Tuesday, February 12, 2013

An Ecclesiastical Peculiar

An informed observer has raised a question about the timeline from the Freedom for St Mary blog that I quoted in yesterday's post.
I have a clear recollection of reading in The Christian Challenge at the time, ca. 1992, that when Fr. Wilcox came to St. Mary as its Rector he was an ACC priest and St. Mary was an ACC church (meaning the majority portion of the ACC that had rejected the merger between the minority of the ACC and the AEC, and which called itself the ACA). Subsequently, Wilcox had a fight with the ACC's Bishop Seeland, which led to both Wilcox and St. Mary switching to the ACA, which was then, of course, headed by Falk[.]
I've raised this with other informed parties, who tell me that as of the early 1990s, St Mary of the Angels Hollywood was an "ecclesiastical peculiar" under Bishop Falk. A google search on this term turns up not much useful, other than an impression that in the Church of England, ecclesiastical peculiars seem to have been abolished around the same time as rotten boroughs, for roughly the same reasons. That Bishop Falk and the ACA would be perpetuating practices long abandoned elsewhere as corrupt is, as we've already seen, not a surprise -- but perpetuate Anglican purity we must!
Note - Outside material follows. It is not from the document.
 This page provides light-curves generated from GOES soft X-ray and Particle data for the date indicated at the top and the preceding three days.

Fr Wilcox, I'm told, came from the ACC parish St Luke's La Verne, CA and had been an ACC priest. St Mary's jurisdiction appears to have been an "ecclesiastical peculiar" until 1994, when Falk ordered the parish to attend the ACA diocesan synod in San Jose and vote for Falk's preferred candidate for Bishop of the West, Robin Connors, who was consecrated ACA Bishop of the West at St Mary of the Angels in 1995. St Mary's formal admission to the ACA as a parish other than a "peculiar" appears to have happened at the time of the 1994 synod.
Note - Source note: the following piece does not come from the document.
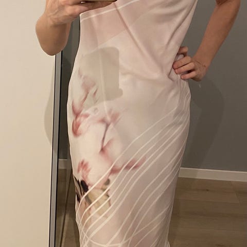 Nydelig riccovero kjole i str 38. Glidelås i ryggen og underkjole. Den mangler en knapp bak (se siste bilde) og selges derfor rimelig.

Prior to that, apparently in 1993, there was a confrontation between Fr Wilcox and Bishop Seeland on the St Mary's steps. It appears that Seeland had been elected ACC Bishop of the Pacific and Southwest, but had not yet been consecrated. As a result, Wilcox felt that Seeland, as only a bishop-elect, was not eligible to make an episcopal visit to the parish, whose status appears to have been unclear in any case. Wilcox, by this account, raised his hand in a gesture to block Seeland's entry, which Seeland interpreted as an attempt to strike him, and this caused Wilcox's inhibition as an ACC priest.

A news item from 2005 apparently also refers to this episode:

"(The politics) took a toll on the parish, because that's not why people come to church," Wilcox said. "At one point they erected a chain-link fence because there were rumors the bishop would come and try to take the property. . ."
Clearly, controversy, ambiguous authority, and angry bishops trying to seize the place are nothing new in the parish's history. If anyone knows more about Bishop Connors, Bishop Seeland, "ecclesiastical peculiars" and anything else relating to this period in the parish history, I will be most eager to hear it. UPDATE: Another knowledgeable party e-mails me to say it was his impression that the chain link fence episode dated from the original break with The Episcopal Church. Again, any information with be appreciated.